Stored items ::
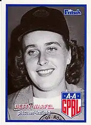 Betty Warfel (May 15, 1928 – September 23, 1990) was a pitcher and utility infielder who played in the All-American Girls Professional Baseball League between the 1948 and 1949 seasons. Listed at 5 ft 8 in (1.73 m), 135 lb., Warfel batted and threw right-handed. She was born in Enola, Pennsylvania.[1][2]
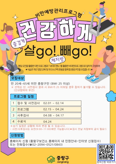 참가를 원하는 주민은 중랑구보건소 누리집(홈페이지)에서 온라인 신청하거나 구 건강증진과로 신청하면 된다. 단, 사전검사 결과 BMI 25 미만일 경우 대상에서 제외될 수 있다.
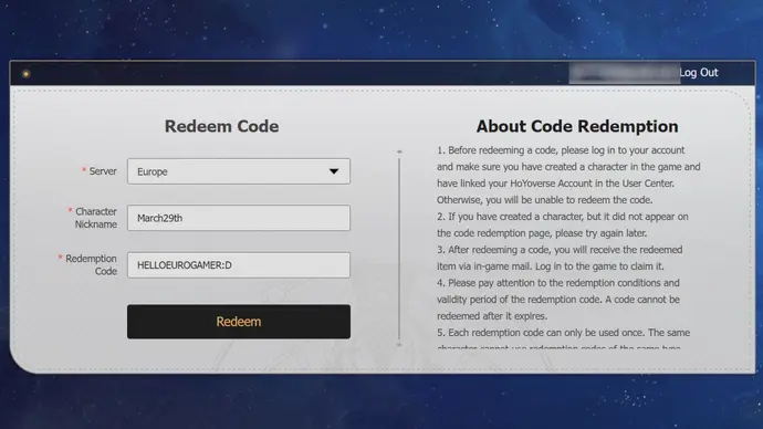 To redeem a Honkai Star Rail code using the website you have to:
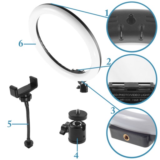 W wewnętrznej części pierścienia istnieje możliwość zamontowania uchwytu na smartfona / Iphone'a a także opcjonalnie mikrofonu. Dodatkowo w tylnej górnej części lampy znajduje się uchwyt do zawieszenia lampy.
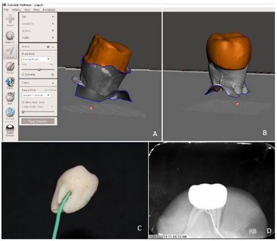 Prepared surfaces of teeth (A) and cameo surfaces of the crowns (B) were scanned to calculate tooth surface area and the tooth volume. To measure pulpal temperature changes, a 3 mm diameter hole was drilled through the furcation (C) to enable insertion of a temperature probe into the pulpal chamber (D).
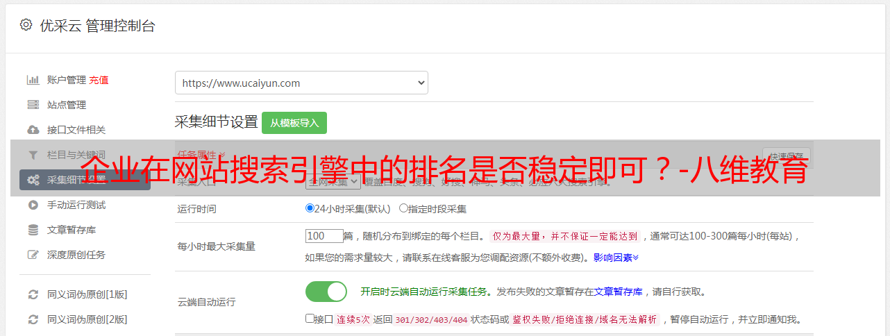 优采云 发布时间: 2021-07-18 00:15企业在网站搜索引擎中的排名是否稳定即可?-八维教育
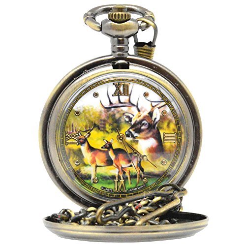 -. Binding : Watch -. Brand : Sigma Impex -. Color : gold -. Department : mens -. EAN : 0841932125795 -. Feature : Watch features an intricately detailed cutout design on the lid, encasing a 1.5" dia. watch with gold-look Roman numerals, and a full-color image depicting a pair of deer. / Hangs from an 11.5"L link chain and clip. / Presented in 3.5" x 3.5" x 1.5" collector's box. / Brushed-metal finish. / Japanese quartz movement. -. Label : Johnson Smith Co -. Manufacturer : Johnson Smith Co -. Model : 0841932125795 -. MPN : 86883 -. PackageQuantity : 1 -. PartNumber : 86883 -. ProductGroup : Watch -. ProductTypeName : WATCH -. Publisher : Johnson Smith Co -. Studio : Johnson Smith Co -. Title : Brushed Metal Deer Pocket Watch Has Detailed Cutout Design Lid & Color Face -. UPC : 841932125795

Brief :: What should be set down is every line from the opening of the records through the line that contains "To redeem a", exactly, with pictures left out.

Exercise answer ::
 Betty Warfel (May 15, 1928 – September 23, 1990) was a pitcher and utility infielder who played in the All-American Girls Professional Baseball League between the 1948 and 1949 seasons. Listed at 5 ft 8 in (1.73 m), 135 lb., Warfel batted and threw right-handed. She was born in Enola, Pennsylvania.[1][2]
 참가를 원하는 주민은 중랑구보건소 누리집(홈페이지)에서 온라인 신청하거나 구 건강증진과로 신청하면 된다. 단, 사전검사 결과 BMI 25 미만일 경우 대상에서 제외될 수 있다.
 To redeem a Honkai Star Rail code using the website you have to:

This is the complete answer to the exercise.